RAY SMUTS
IT HAS taken a ship disaster - in this case the grounding of the container ship Sea-Land Express off Cape Town a little more than a year ago - for the South African Maritime Safety Authority to learn a valuable lesson.
No sooner had the disaster occurred than rumours abounded about the purpose of the vessel’s voyage; was she not perhaps clandestine in view of certain hazardous cargo on board?
There were also public calls for the vessel’s Master (apparently since dismissed) to be arrested over the mishap which cost millions of rand to resolve. The ship was finally pulled free from her Sunset Beach perch 19 days later.
“The Sea-Land Express was a hard lesson for us as we did not realise a story was developing because the ship’s operators (US Ship Management Inc) and a representative for the charterers (Maersk Sealand) refused to talk,” Master Mariner Captain Bill Dernier, intimately involved with many maritime disasters off the South African coastline in his capacity as executive manager:operations, told FTW.

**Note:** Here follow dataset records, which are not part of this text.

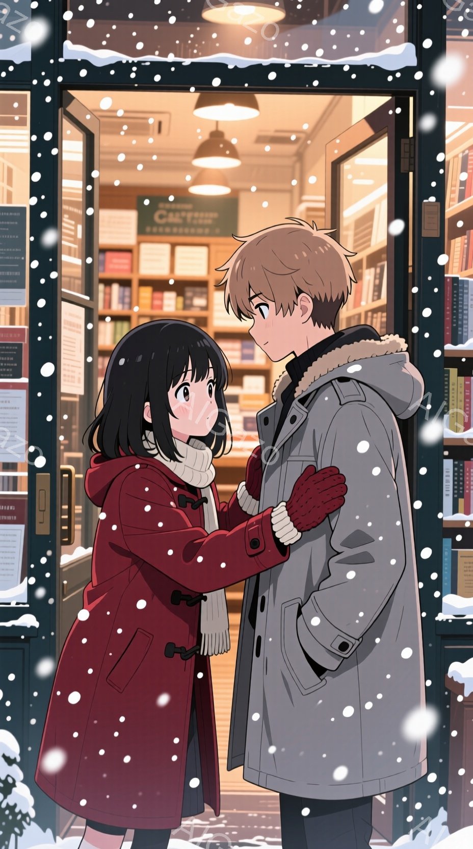 左側の女性は長い茶色の髪を肩まで垂らし、白いコートと茶色のマフラーを着用しています。彼女の表情は少し驚いたようなもので、右側の男性を見つめています。男性は背中を向けており、緑色のコートと茶色のマフラーを着用しています。背景には雪が積もった橋と川があり、夜の空には星が散りばめられています。
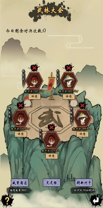 分享个武林大会的小技巧:打之前可以先把侠客离战,神兽换成最弱的两个,进入武林大会界面刷新一下;然后返回调整阵容,把侠客和神兽都带上,只留一个最弱的神兽,之后再去打。重复这样操作就行。
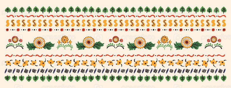 Набор этнических элементов. Бордюр представляет собой полосу с цветами, листьями, ветками, вензелями. Народная вышивка. Славянский, украинский, русский мотив. Хохлома, матрешка, дымковская игрушка. Мексиканский, индийский, цыганский ковер. Вязаное кружево
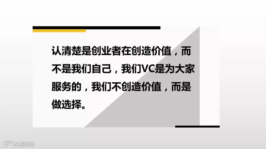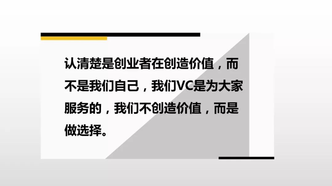 认清楚是创业者在创造价值(而不是我们自己),我们(VC)是为大家服务的,我们不创造价值,而是做选择。
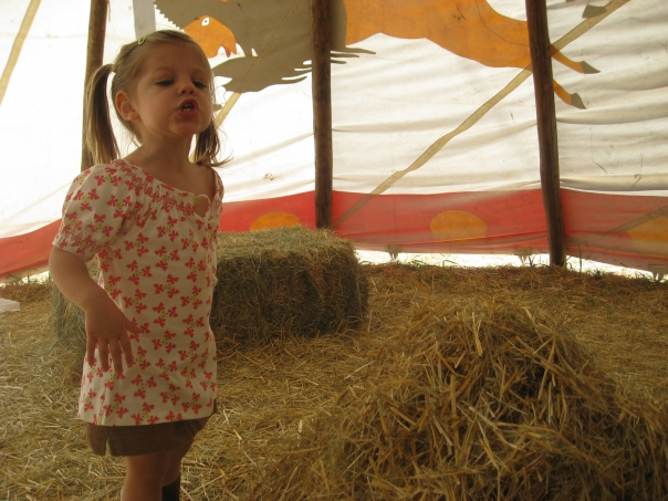 A young girl wearing a red floral patterned dress standing on the straw covered floor of a tent.
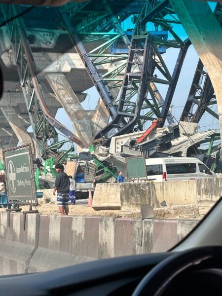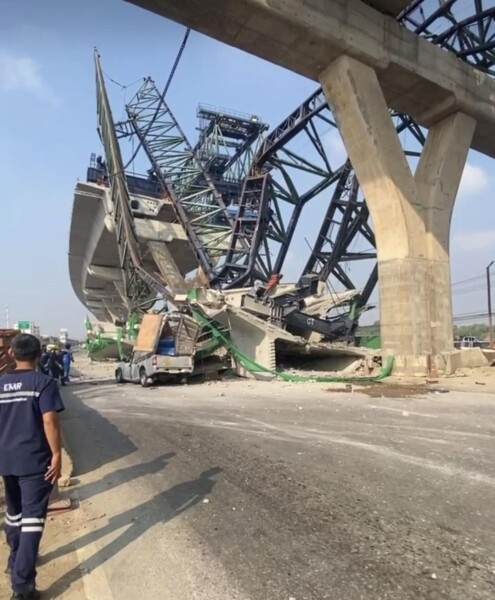 ผลกระทบ: เครนขนาดใหญ่ล้มทับพื้นผิวจราจรในช่องทางด่วน ส่งผลให้รถไม่สามารถสัญจรผ่านได้ในจุดดังกล่าว
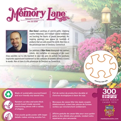This MasterPieces 18″ x 24″ Memory Lane 300PC EZ Grip Puzzle depicts A perfect picnic scene outside the barn on a summer day. It was painted by the talented Alan Giana, whose paintings of colorful paths, charming country hideaways, and tranquil coastal gateways are touching the hearts of people everywhere. Country living is at its best in this sublime home nestled against a lovely swan pond. Birds, butterflies, and dragonflies flit and swoop over the water as a single stately swan paddles across the pond. Pull up a porch chair and enjoy a peaceful evening in this colorful scene.The EZ-Grip technology used to make this puzzle offers larger puzzle pieces that snap together perfectly, without compromising image quality. To reduce its impact on our environment, the chipboard used in this puzzle is made of recycled material.

With this experience behind, Dernier says Samsa was well prepared when the next major disaster occurred, the holing of the giant bulk carrier Cape Africa about 300 miles off Cape Town.
Having ordered the Taiwanese-owned vessel to keep 120 miles off the coast, Samsa put together a Ôcasualty response team’ , closely involving the media during the entire salvage operation.
This proactive approach, in Dernier’s view, avoided a repetition of the Sea-Land Express affair.